Collected data entries:
-*-

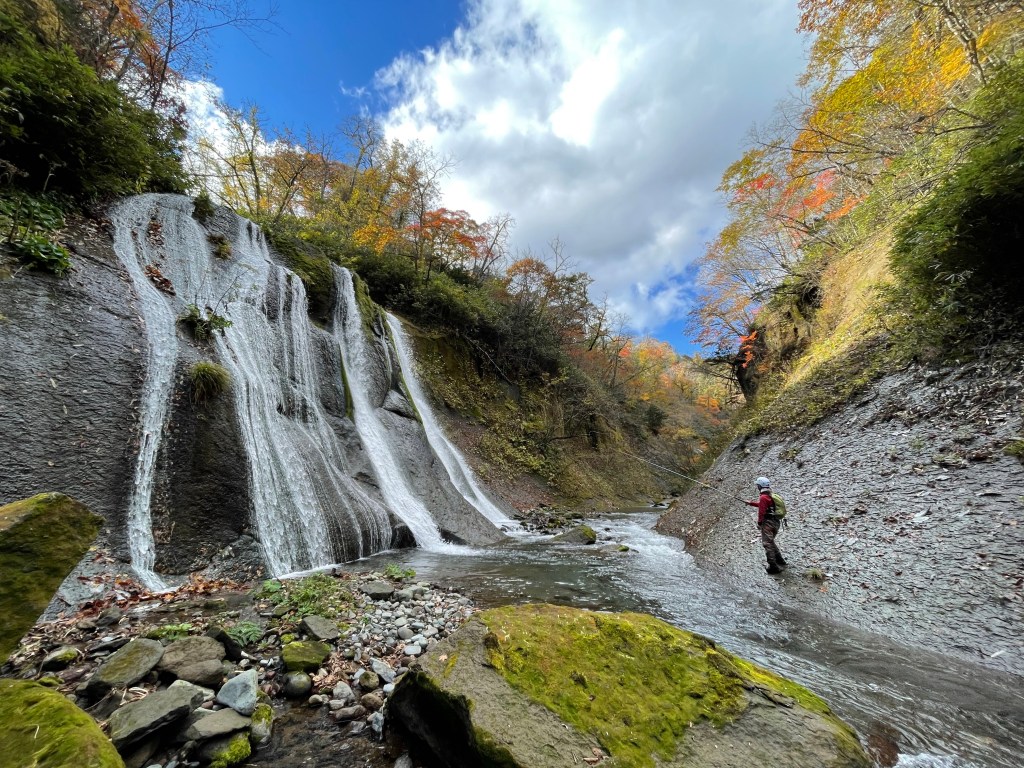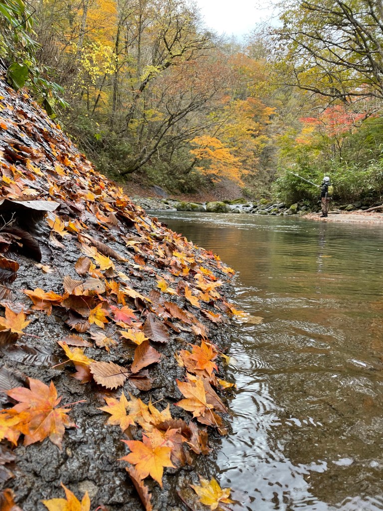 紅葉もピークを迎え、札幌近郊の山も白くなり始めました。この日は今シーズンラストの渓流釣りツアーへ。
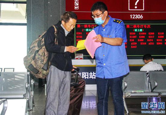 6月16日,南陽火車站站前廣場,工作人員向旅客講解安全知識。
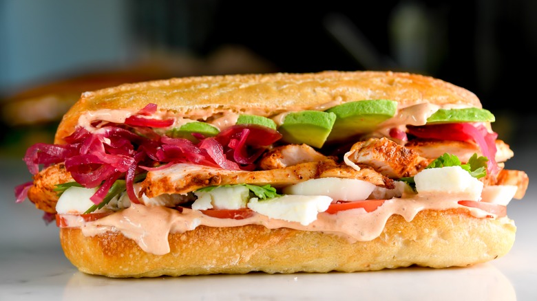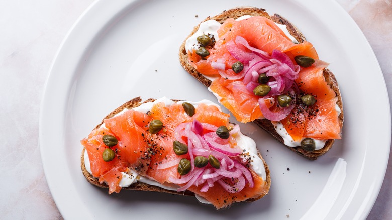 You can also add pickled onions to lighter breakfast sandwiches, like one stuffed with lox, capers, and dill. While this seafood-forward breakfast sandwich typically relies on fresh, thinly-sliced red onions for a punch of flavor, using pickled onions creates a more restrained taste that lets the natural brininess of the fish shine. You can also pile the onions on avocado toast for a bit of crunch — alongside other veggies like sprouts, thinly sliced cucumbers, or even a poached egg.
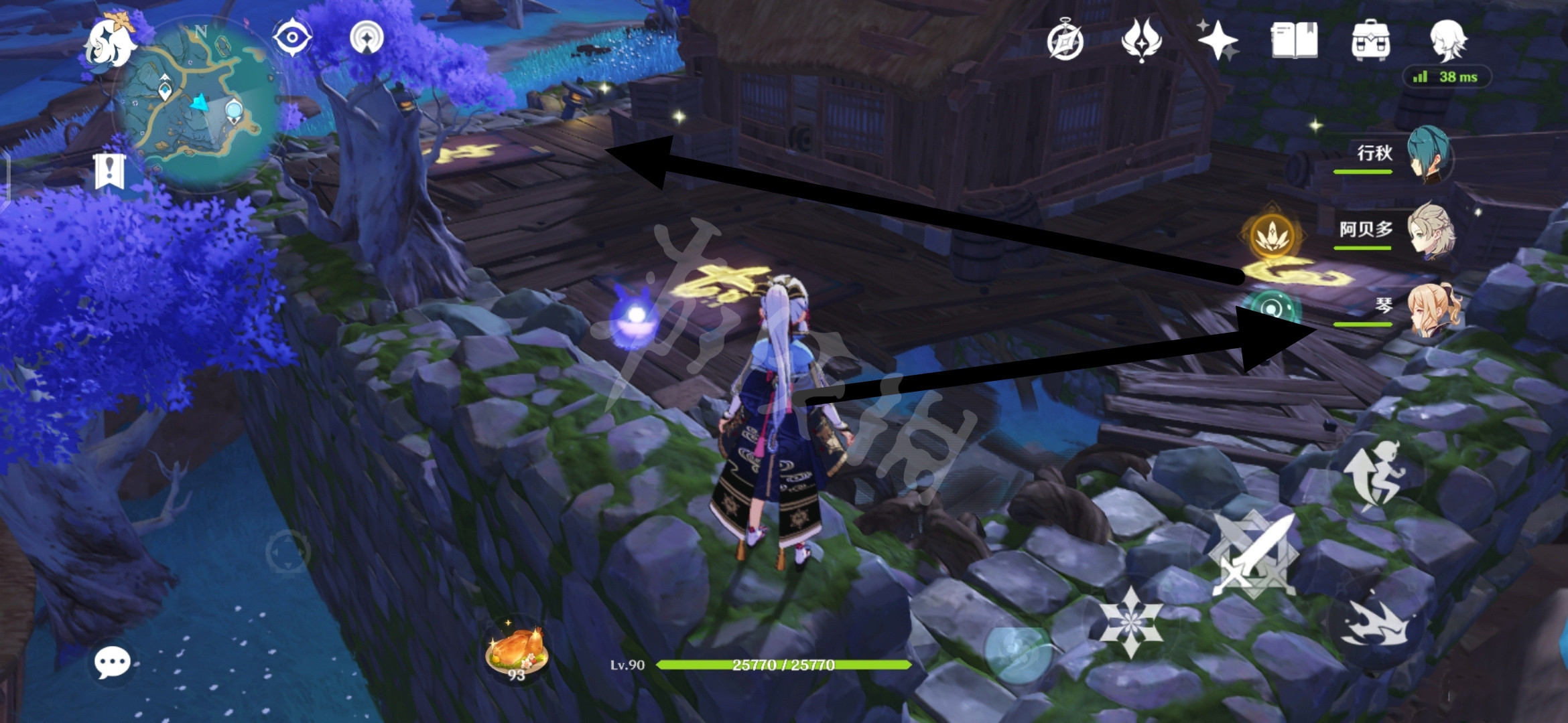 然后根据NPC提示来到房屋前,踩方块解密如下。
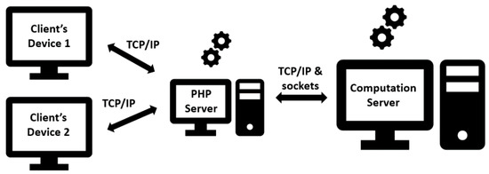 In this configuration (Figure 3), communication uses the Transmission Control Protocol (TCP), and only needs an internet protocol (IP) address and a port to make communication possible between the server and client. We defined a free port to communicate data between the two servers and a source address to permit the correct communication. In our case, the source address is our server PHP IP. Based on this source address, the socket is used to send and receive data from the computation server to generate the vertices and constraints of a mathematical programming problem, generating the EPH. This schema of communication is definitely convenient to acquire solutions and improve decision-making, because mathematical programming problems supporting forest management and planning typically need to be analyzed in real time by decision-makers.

-*-

Aim of the task: Leaving the pictures out, give again word for word each line from the one holding "6月16日,南陽火車站站前廣場,工作人員向旅客講解安全知識。" through the end of the records.

Task solution:
 6月16日,南陽火車站站前廣場,工作人員向旅客講解安全知識。
 You can also add pickled onions to lighter breakfast sandwiches, like one stuffed with lox, capers, and dill. While this seafood-forward breakfast sandwich typically relies on fresh, thinly-sliced red onions for a punch of flavor, using pickled onions creates a more restrained taste that lets the natural brininess of the fish shine. You can also pile the onions on avocado toast for a bit of crunch — alongside other veggies like sprouts, thinly sliced cucumbers, or even a poached egg.
 然后根据NPC提示来到房屋前,踩方块解密如下。
 In this configuration (Figure 3), communication uses the Transmission Control Protocol (TCP), and only needs an internet protocol (IP) address and a port to make communication possible between the server and client. We defined a free port to communicate data between the two servers and a source address to permit the correct communication. In our case, the source address is our server PHP IP. Based on this source address, the socket is used to send and receive data from the computation server to generate the vertices and constraints of a mathematical programming problem, generating the EPH. This schema of communication is definitely convenient to acquire solutions and improve decision-making, because mathematical programming problems supporting forest management and planning typically need to be analyzed in real time by decision-makers.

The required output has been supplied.